+++ Provided records

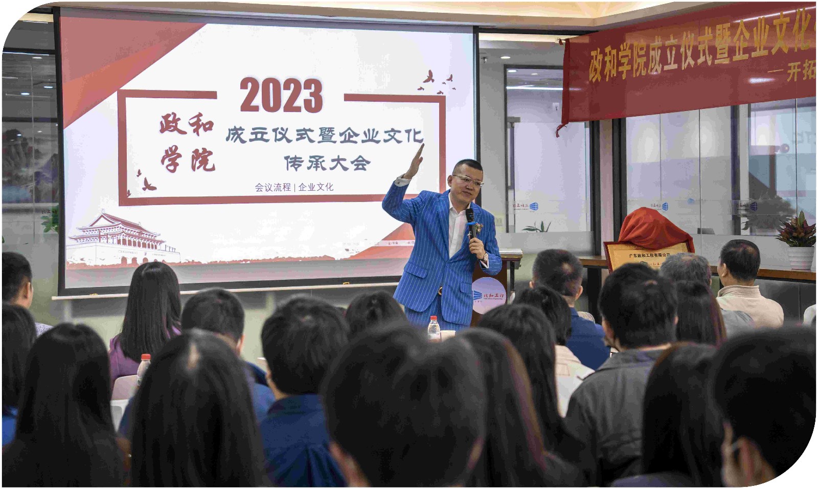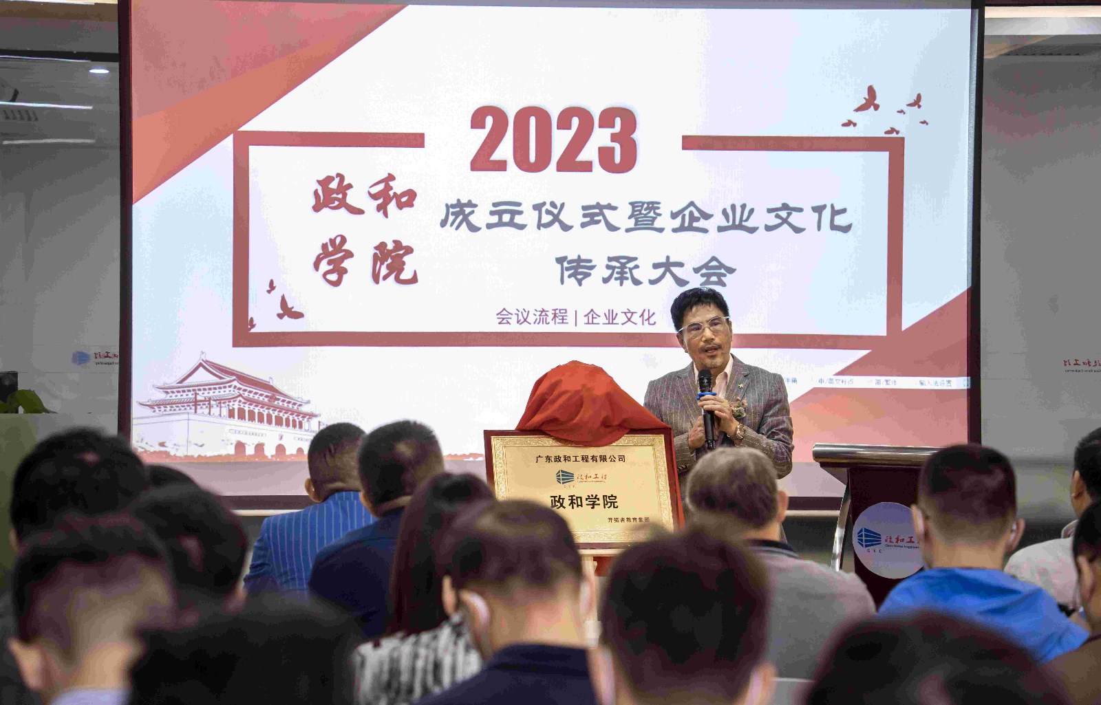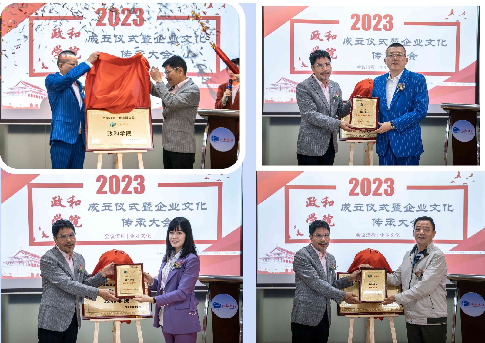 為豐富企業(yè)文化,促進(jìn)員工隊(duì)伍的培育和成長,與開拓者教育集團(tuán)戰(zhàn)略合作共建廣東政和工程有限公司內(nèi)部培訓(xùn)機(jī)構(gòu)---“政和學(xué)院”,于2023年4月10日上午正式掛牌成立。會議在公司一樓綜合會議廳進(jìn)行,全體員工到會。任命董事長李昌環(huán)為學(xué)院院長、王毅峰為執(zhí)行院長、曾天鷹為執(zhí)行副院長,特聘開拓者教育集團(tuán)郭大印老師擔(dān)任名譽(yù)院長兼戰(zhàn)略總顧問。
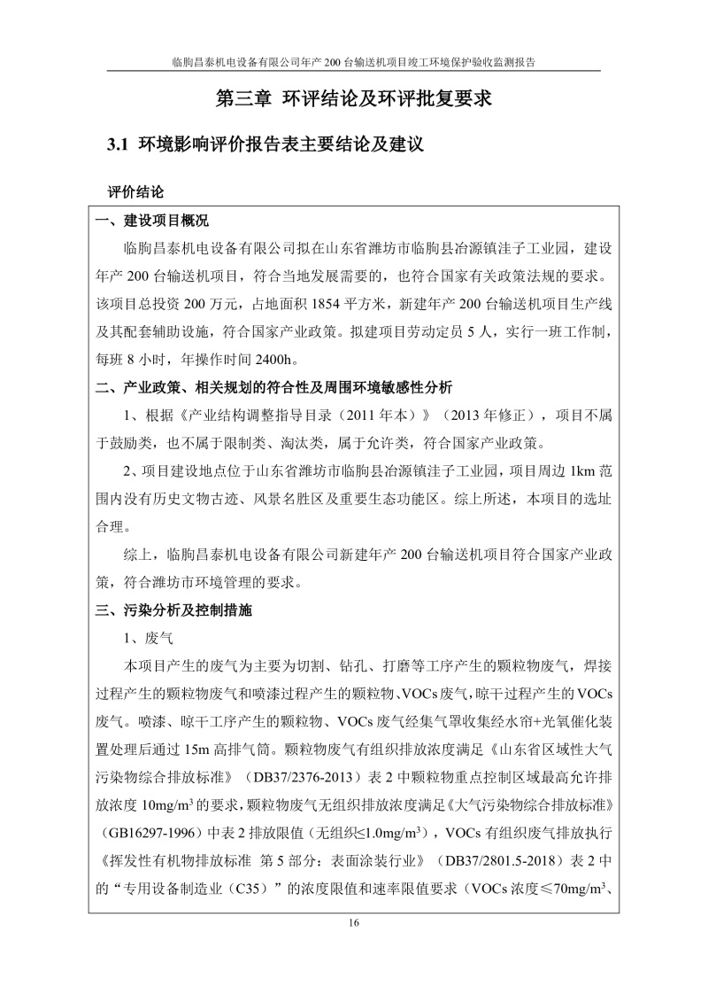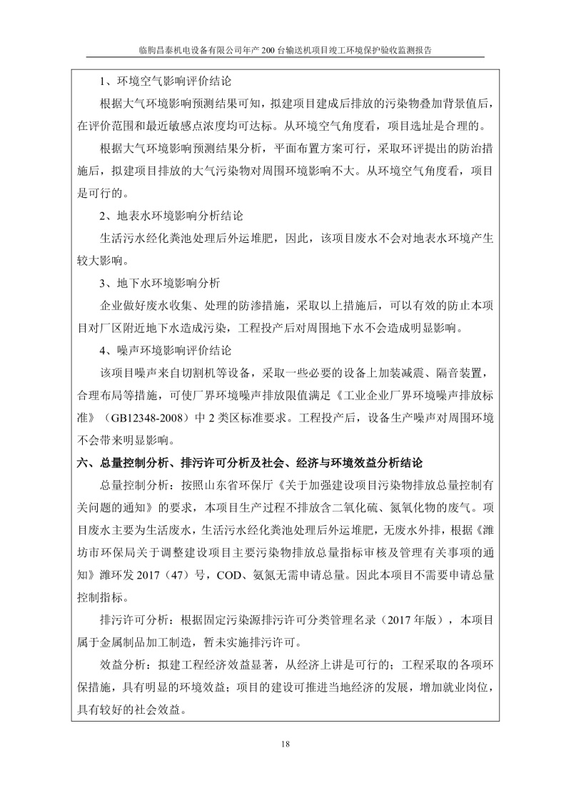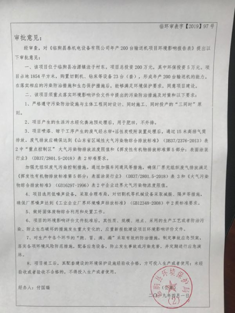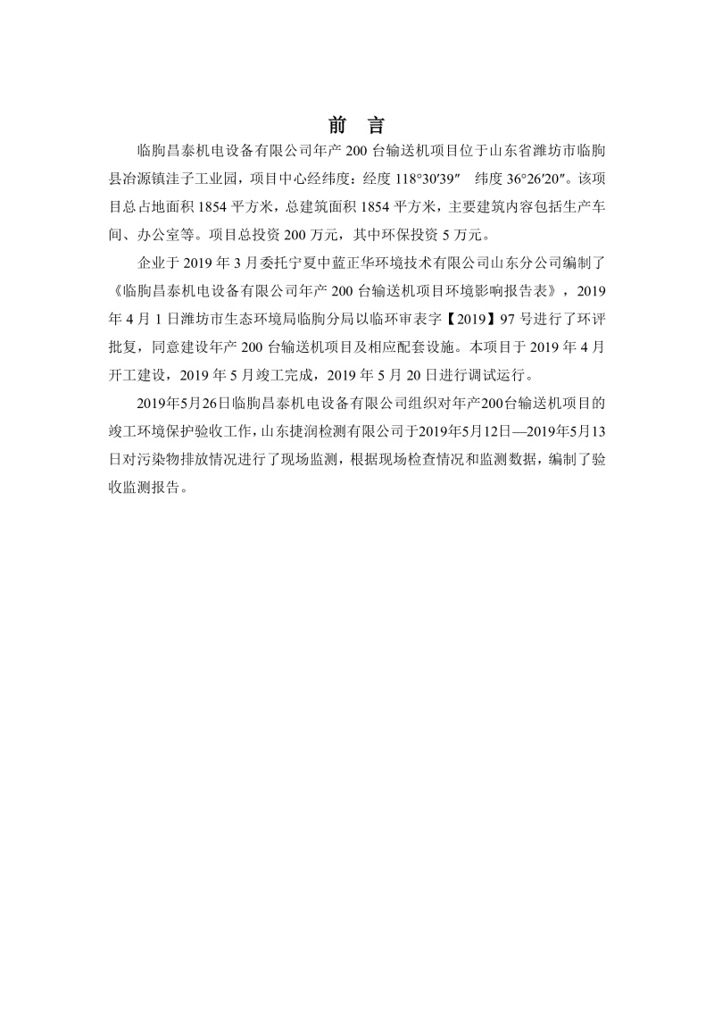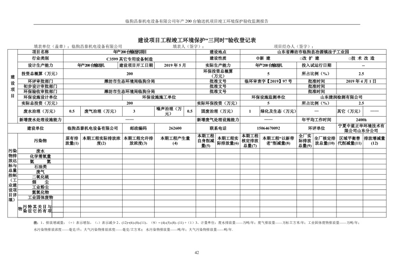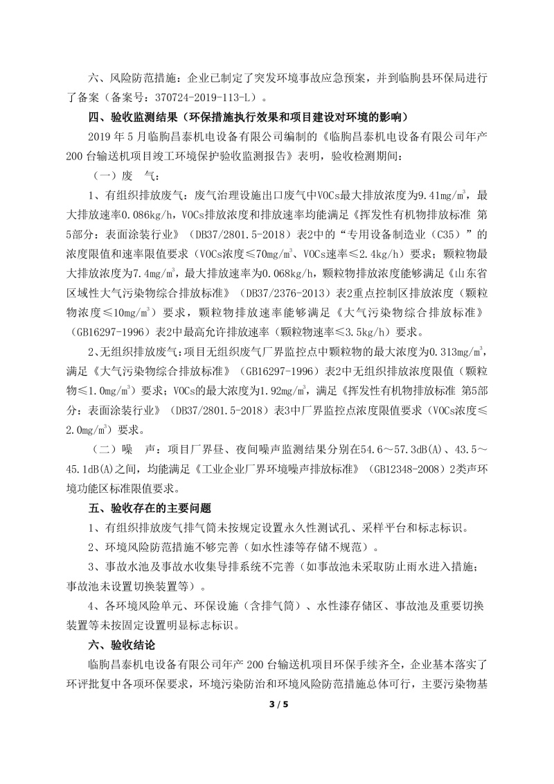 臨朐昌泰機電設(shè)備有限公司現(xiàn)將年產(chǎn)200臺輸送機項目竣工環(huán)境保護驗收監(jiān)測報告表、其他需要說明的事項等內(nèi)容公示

++++++
+++ Provided records

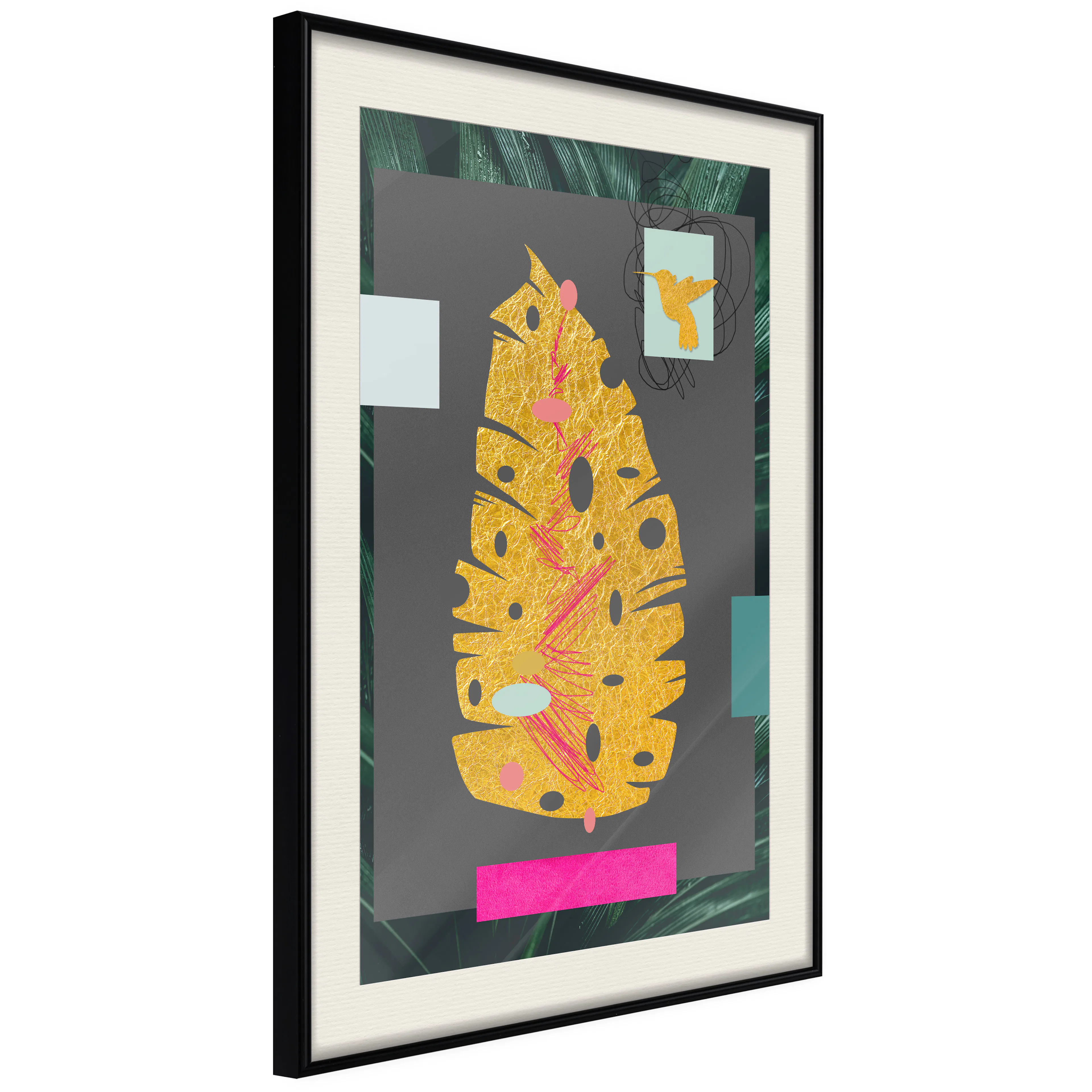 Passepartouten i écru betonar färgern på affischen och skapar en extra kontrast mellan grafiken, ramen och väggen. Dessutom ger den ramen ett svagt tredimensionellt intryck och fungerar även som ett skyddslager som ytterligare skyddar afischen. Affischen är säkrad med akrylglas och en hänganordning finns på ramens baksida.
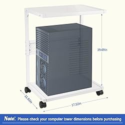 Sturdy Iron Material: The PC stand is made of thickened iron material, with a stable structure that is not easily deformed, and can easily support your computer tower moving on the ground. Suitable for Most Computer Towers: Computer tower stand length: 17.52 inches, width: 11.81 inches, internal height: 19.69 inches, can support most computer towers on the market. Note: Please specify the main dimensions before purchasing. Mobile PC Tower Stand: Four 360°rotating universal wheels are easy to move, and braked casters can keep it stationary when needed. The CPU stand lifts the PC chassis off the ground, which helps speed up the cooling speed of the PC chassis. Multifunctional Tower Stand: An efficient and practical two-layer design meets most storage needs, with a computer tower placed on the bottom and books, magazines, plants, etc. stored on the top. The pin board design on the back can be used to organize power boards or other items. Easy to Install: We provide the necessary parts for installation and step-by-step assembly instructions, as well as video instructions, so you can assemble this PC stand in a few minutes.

++++++
+++ Provided records

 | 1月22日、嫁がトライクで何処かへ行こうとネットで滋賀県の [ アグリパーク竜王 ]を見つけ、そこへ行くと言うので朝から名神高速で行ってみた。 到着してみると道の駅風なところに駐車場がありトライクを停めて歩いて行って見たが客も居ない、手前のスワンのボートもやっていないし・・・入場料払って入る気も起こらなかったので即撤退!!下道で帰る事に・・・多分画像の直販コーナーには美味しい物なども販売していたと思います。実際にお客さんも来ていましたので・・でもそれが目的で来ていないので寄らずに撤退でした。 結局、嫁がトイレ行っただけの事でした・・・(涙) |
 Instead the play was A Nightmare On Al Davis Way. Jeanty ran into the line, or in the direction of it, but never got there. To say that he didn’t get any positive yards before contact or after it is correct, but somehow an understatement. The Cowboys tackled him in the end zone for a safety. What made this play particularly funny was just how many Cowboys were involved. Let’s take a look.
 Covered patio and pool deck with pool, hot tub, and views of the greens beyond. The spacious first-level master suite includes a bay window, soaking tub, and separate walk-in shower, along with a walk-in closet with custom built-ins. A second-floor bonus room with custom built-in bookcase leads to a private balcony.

++++++

__Task to complete__: Could you return exactly the stretch of the data above that starts at the line with "1月22日、嫁がトライクで何処かへ行こうとネットで滋賀県の [ アグリパーク竜王" and ends at the line with "Covered patio and", both lines included?

__Exercise output__:
 | 1月22日、嫁がトライクで何処かへ行こうとネットで滋賀県の [ アグリパーク竜王 ]を見つけ、そこへ行くと言うので朝から名神高速で行ってみた。 到着してみると道の駅風なところに駐車場がありトライクを停めて歩いて行って見たが客も居ない、手前のスワンのボートもやっていないし・・・入場料払って入る気も起こらなかったので即撤退!!下道で帰る事に・・・多分画像の直販コーナーには美味しい物なども販売していたと思います。実際にお客さんも来ていましたので・・でもそれが目的で来ていないので寄らずに撤退でした。 結局、嫁がトイレ行っただけの事でした・・・(涙) |
 Instead the play was A Nightmare On Al Davis Way. Jeanty ran into the line, or in the direction of it, but never got there. To say that he didn’t get any positive yards before contact or after it is correct, but somehow an understatement. The Cowboys tackled him in the end zone for a safety. What made this play particularly funny was just how many Cowboys were involved. Let’s take a look.
 Covered patio and pool deck with pool, hot tub, and views of the greens beyond. The spacious first-level master suite includes a bay window, soaking tub, and separate walk-in shower, along with a walk-in closet with custom built-ins. A second-floor bonus room with custom built-in bookcase leads to a private balcony.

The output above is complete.